Maximum Volume of a Package with Size Constraints
The delivery company restricts packages such that the sum of length and girth does not exceed 108 inches. To maximize the volume of a rectangular box with square ends under this constraint, define the variables as follows: let the length of the box be \(L\), and the side length of the square ends be \(x\). The girth around the square end is \(4x\), and the total sum is expressed as \(L + 2x = 108\). Our goal is to maximize the volume \(V = x^2 L\).
Substituting \(L = 108 - 2x\) into the volume formula yields \(V = x^2 (108 - 2x)\). Differentiating with respect to \(x\): \(V' = 2x(108 - 2x) + x^2(-2)\). Simplified to \(V' = 216x - 6x^2\). Setting \(V' = 0\), we find \(216x - 6x^2 = 0 \Rightarrow x(216 - 6x) = 0\). The meaningful solution is \(x = 36\). Plugging back into \(L = 108 - 2x\) gives \(L = 36\). The maximum volume at these dimensions is \(V_{max} = 36^2 \times 36 = 46656 \text{ in}^3\).

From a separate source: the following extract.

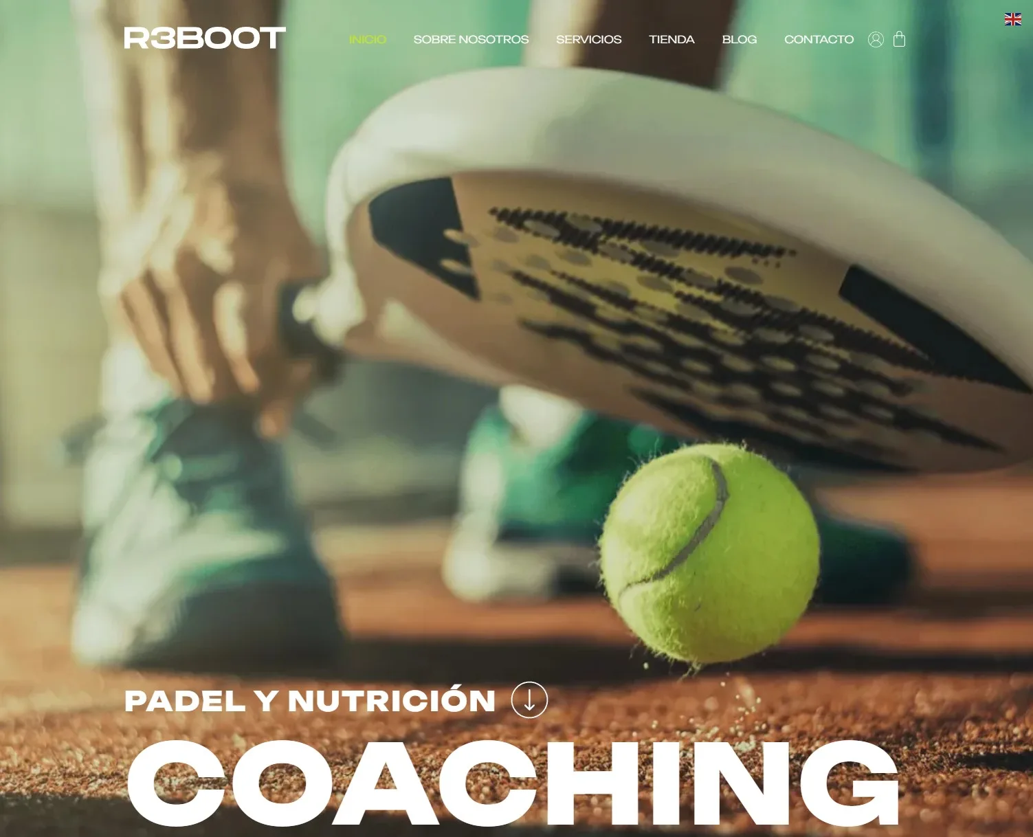 Web corporativa para coaching de pádel y nutrición, con presentación del equipo, servicios, packs y formulario de contacto para captar leads y contrataciones. Y con un sistema de tienda para contrataciones de entrenamiento de padel.

Cost Optimization for an Enclosed Area
Given a rectangular area of 300 square feet to be enclosed, with fencing costs of $6 per foot for three sides and $15 per foot for the fourth side, the goal is to find the dimensions that minimize construction costs. Let the length be \(x\) and the width be \(y\). Then, the area constraint is \(xy = 300\). The cost function is \(C = 6(2x + y) + 15y\), combining the costs of fencing along the sides.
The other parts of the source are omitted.